The truth is, if 'quorum' is well defined then something silly- viz that voters have access to the Muth rational ordering they ought to have- is 'asserted'. But it can't be proved- so 'quorum' isn't well defined at all.  Thus, showing that a contradiction arises is trivial. We don't know the 'correct economic theory' which, if common knowledge, would yield Muth Rational Expectations based pure strategies in small sample spaces- forget about those with strategic behavior. Maybe we could, if we knew how to unfailingly distinguish pseudo-random from random strings. But in that case, move over Evolution!, we can very quickly fulfil the Biblical injunction 'ye are as Gods', not by being scrupulous Jury members, but by actually becoming Gods and creating really nice Universes. 

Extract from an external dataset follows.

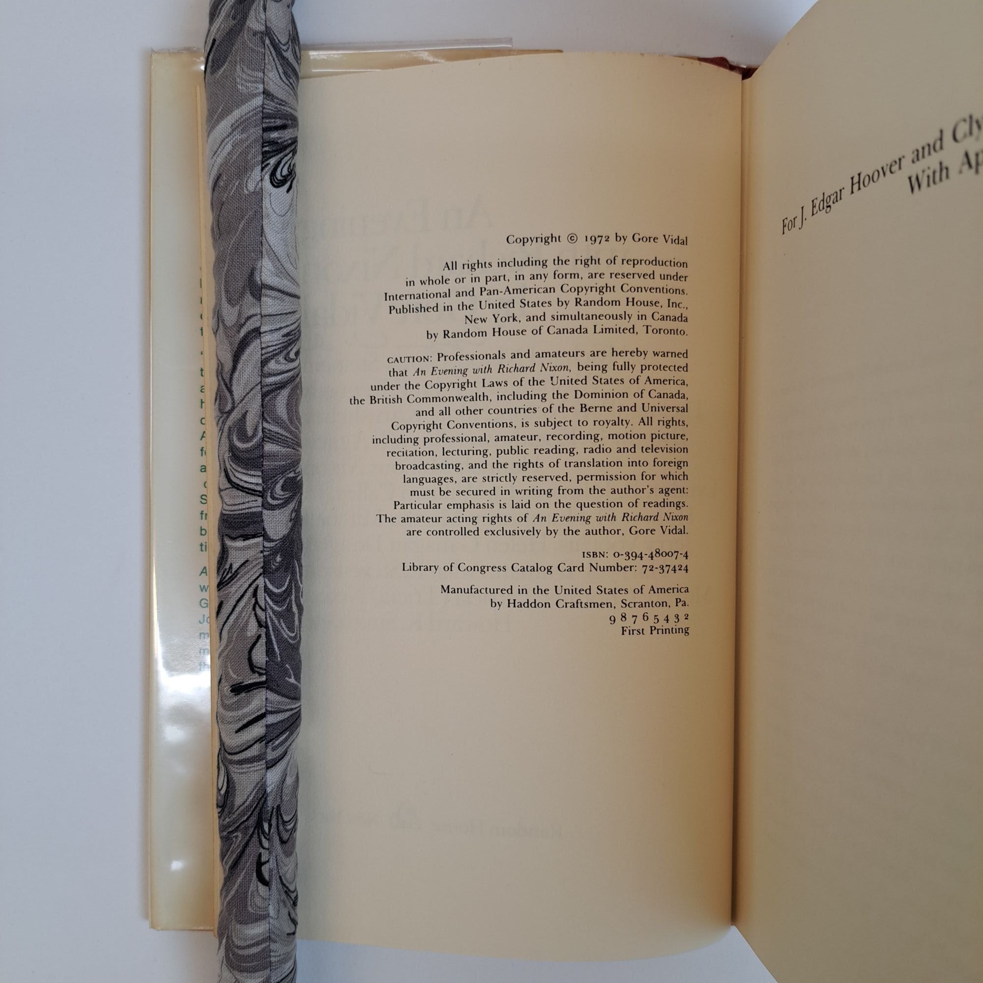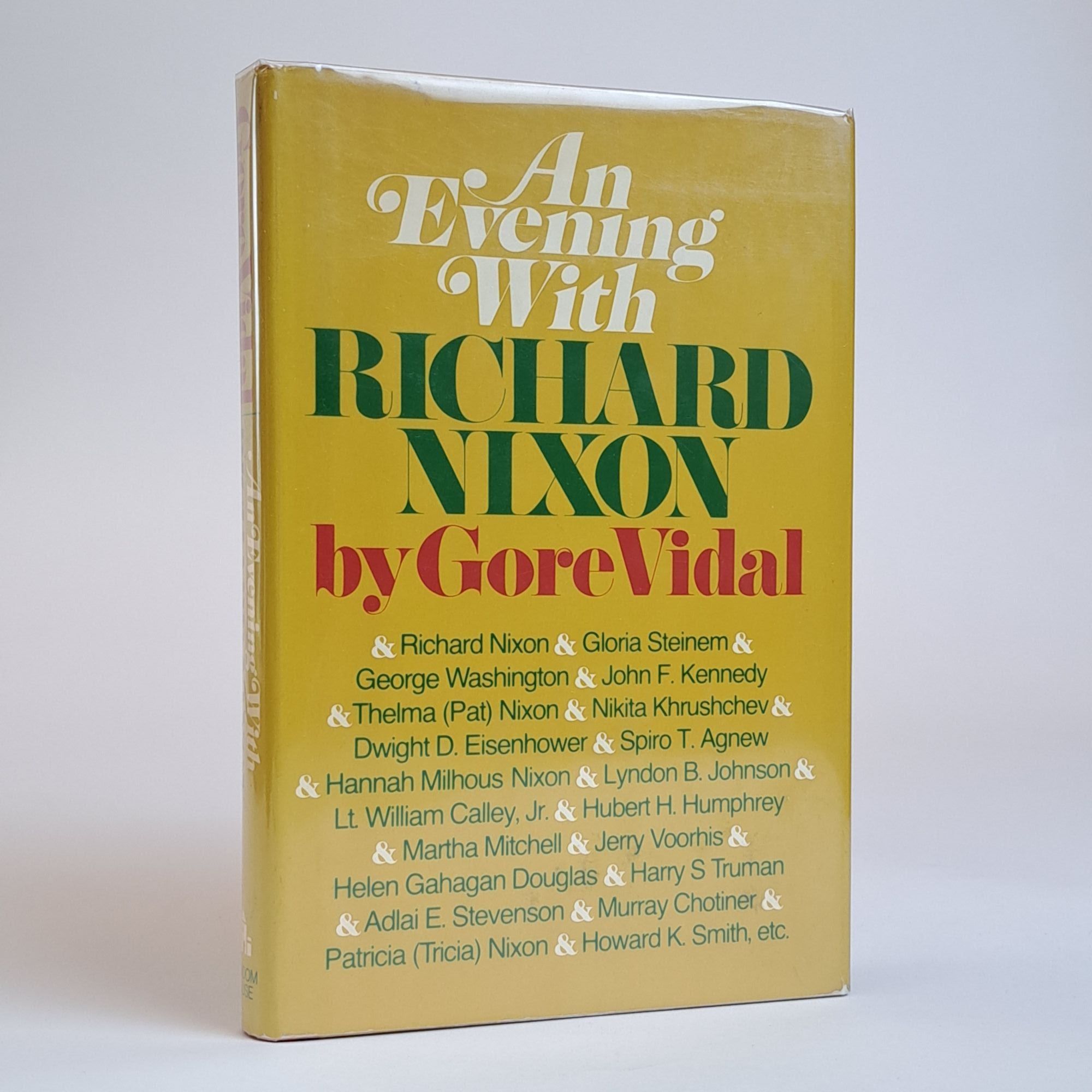 New York, NY: Random House, 1972. First Edition, First Printing. Hardcover. Octavo, x, 157 pages. In Very Good condition with a Very Good minus condition dust jacket. Gold spine aged yellow-green with green, red, and white lettering. Dust jacket is wrapped in a mylar covering, price is uncut "$4.95", has mild shelving wear, stains on the spine and front cover, and has moderate age-toning along the spine. Boards have mild bending wear along the fore corners, and mild wear along the head and tail edges. Textblock has adhesive stains on the end-pages and pastedowns, pen marks on the front end-page, mild wear along the edges, and light foxing along the head edge. Signed flat by Gore Vidal on the title page. Shelved Room C. 1393939. Special Collections.

Tao illuminates the stupidity of imagining 'coalitions' without 'transferable utility'- i.e corrupt deals in smoke filled rooms- can spontaneously arise out of a stupid type of mathematics. Either a 'preorder' is associated with a directed graph or it does not exist. But, if there is a directed graph, then all 'preorders' must, to be rational, at the very least, have 'maximal' properties w.r.t Kantorovich-Monge type problems. 
This is not a lemma. It is an unproven assertion of a silly type. It means- if at such and such time these guys decide things and then at such and such other time those guys decide things then it must be the case that the guys who are members of both decisive sets at different times are actually SECRETLY IN CONTROL! I heard about this guy in Peoria who has always voted for the winning candidate in every election. He must be the head of the Lizard People who control everything!

The fact is we all may at some times in our lives be on the winning side of an election. Some of us may even always be on the winning side. But this doesn't mean anything very sinister at all. 

Of course, if we add in crazy assumptions- which basically amount to giving us super-powers- then we can find very strange and sinister results. But this involves pretending something is 'well-defined' when we haven't actually given a proof of that assertion.